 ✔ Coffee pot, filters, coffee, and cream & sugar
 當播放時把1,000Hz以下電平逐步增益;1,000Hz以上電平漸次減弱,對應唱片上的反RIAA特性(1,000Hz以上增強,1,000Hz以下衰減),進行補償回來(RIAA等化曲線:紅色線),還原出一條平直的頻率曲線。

┄┄┄┄┄┄┄┄┄┄┄┄┄┄┄┄┄┄┄┄

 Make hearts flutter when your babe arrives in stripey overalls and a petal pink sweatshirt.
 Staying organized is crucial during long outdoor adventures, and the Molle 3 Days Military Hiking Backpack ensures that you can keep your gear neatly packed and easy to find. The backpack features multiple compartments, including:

┄┄┄┄┄┄┄┄┄┄┄┄┄┄┄┄┄┄┄┄

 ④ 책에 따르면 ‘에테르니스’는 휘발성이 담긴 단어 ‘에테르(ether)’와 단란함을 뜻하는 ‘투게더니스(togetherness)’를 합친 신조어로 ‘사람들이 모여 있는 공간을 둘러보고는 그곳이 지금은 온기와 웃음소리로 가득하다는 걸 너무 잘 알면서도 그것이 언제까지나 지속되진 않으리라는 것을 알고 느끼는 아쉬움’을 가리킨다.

┄┄┄┄┄┄┄┄┄┄┄┄┄┄┄┄┄┄┄┄

Required action: Tally the lines of the material in which the word "your" appears. Output the count alone.

The answer: 2